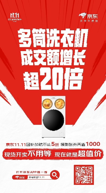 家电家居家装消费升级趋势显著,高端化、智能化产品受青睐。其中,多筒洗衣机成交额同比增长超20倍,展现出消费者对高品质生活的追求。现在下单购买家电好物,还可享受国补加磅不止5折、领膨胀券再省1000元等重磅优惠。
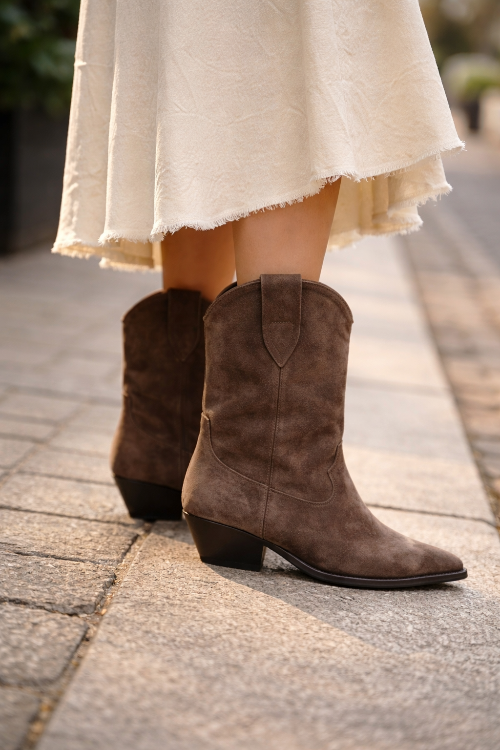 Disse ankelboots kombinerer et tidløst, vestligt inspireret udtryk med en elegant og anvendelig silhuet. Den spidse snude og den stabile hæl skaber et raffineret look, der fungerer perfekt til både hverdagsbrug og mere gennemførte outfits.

==

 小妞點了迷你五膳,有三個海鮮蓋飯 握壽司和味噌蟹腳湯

◆ ABOUT THIS EXERCISE: Range to print from the listing above: from the line with "家电家居家装消费升级趋势显著" up to and including the line with "Disse ankelboots kombinerer". Please print those lines exactly, with no pictures and nothing more.

◆ FINISHED EXERCISE:
 家电家居家装消费升级趋势显著,高端化、智能化产品受青睐。其中,多筒洗衣机成交额同比增长超20倍,展现出消费者对高品质生活的追求。现在下单购买家电好物,还可享受国补加磅不止5折、领膨胀券再省1000元等重磅优惠。
 Disse ankelboots kombinerer et tidløst, vestligt inspireret udtryk med en elegant og anvendelig silhuet. Den spidse snude og den stabile hæl skaber et raffineret look, der fungerer perfekt til både hverdagsbrug og mere gennemførte outfits.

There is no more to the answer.